THE DATA:
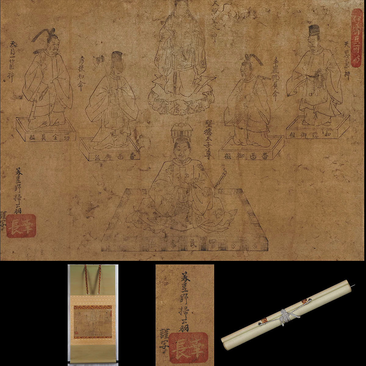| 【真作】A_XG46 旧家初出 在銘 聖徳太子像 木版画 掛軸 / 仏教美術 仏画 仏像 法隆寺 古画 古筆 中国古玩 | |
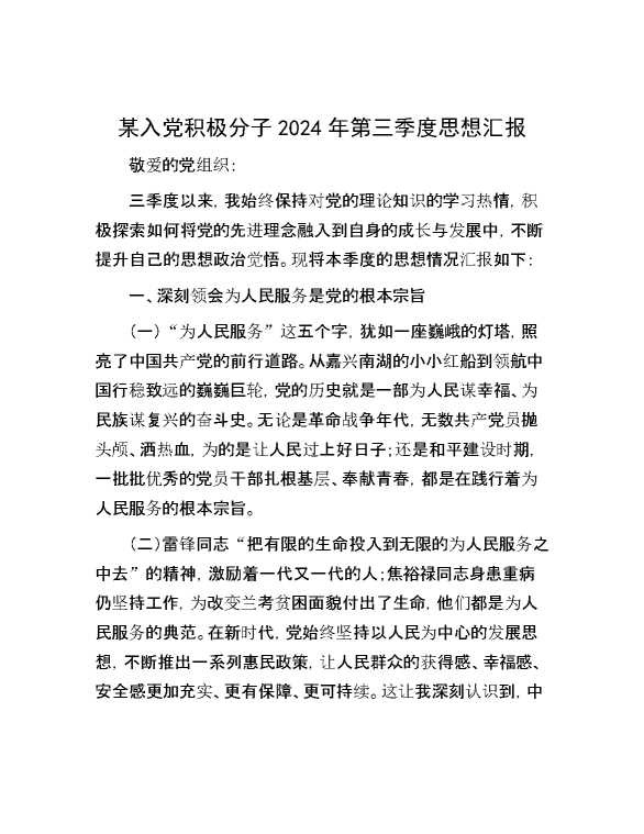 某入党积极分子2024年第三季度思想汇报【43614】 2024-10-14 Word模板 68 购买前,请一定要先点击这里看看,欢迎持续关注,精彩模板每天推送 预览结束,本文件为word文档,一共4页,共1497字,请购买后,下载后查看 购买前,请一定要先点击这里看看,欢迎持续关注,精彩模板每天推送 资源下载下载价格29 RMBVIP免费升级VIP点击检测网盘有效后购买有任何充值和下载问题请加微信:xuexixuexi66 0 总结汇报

...

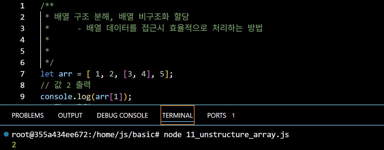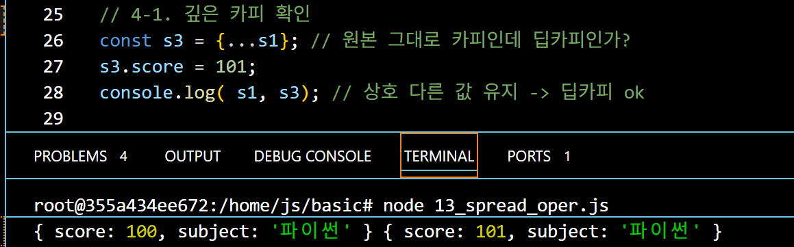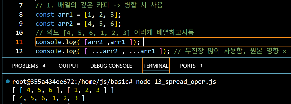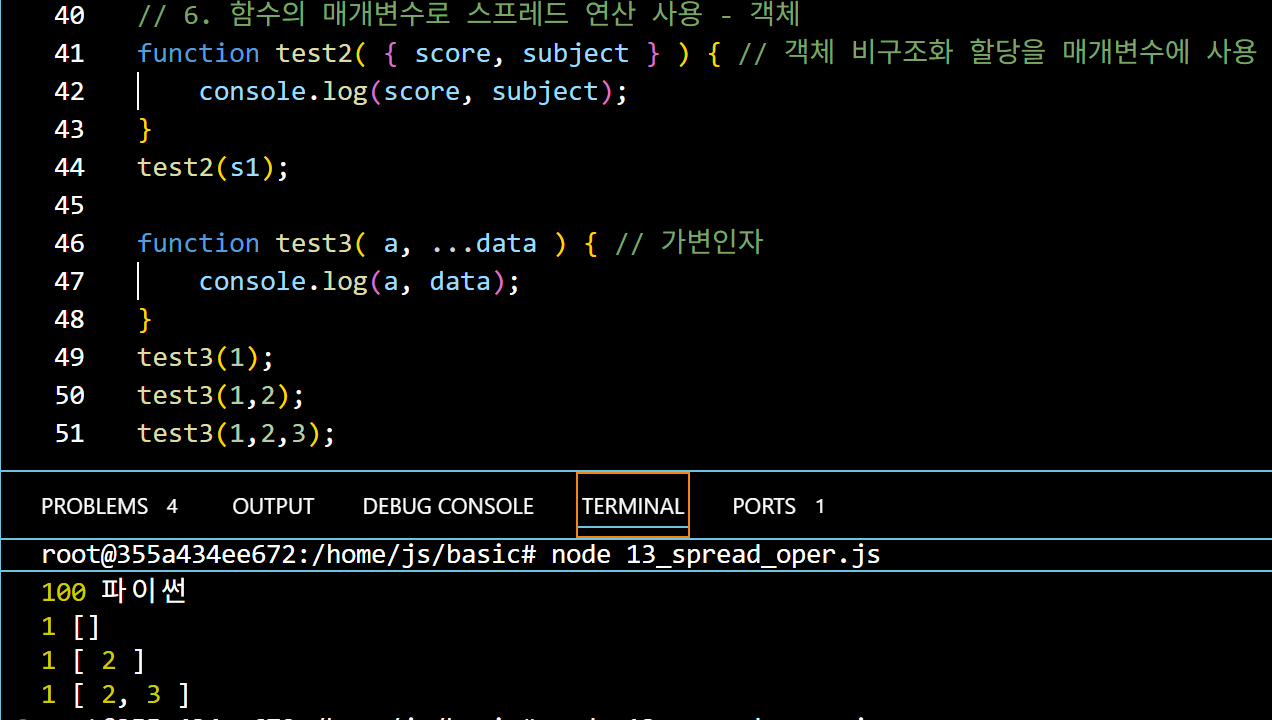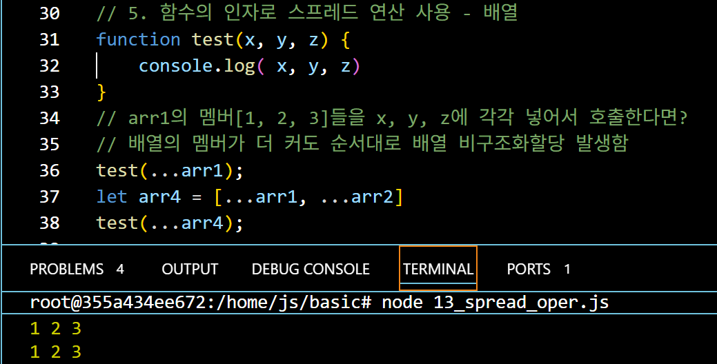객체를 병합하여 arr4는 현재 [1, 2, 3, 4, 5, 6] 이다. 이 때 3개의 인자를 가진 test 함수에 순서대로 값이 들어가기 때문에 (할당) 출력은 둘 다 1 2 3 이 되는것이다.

PROMPT:
Go back to the listing above and write out the lines starting at the one with "古筆 中国古玩 | |" and ending at the one with "某入党积极分子2024年第三季度思想汇报【43614】 2024-10-14 Word模板", inclusive, exactly and without pictures.

EXERCISE RESPONSE:
| 【真作】A_XG46 旧家初出 在銘 聖徳太子像 木版画 掛軸 / 仏教美術 仏画 仏像 法隆寺 古画 古筆 中国古玩 | |
 某入党积极分子2024年第三季度思想汇报【43614】 2024-10-14 Word模板 68 购买前,请一定要先点击这里看看,欢迎持续关注,精彩模板每天推送 预览结束,本文件为word文档,一共4页,共1497字,请购买后,下载后查看 购买前,请一定要先点击这里看看,欢迎持续关注,精彩模板每天推送 资源下载下载价格29 RMBVIP免费升级VIP点击检测网盘有效后购买有任何充值和下载问题请加微信:xuexixuexi66 0 总结汇报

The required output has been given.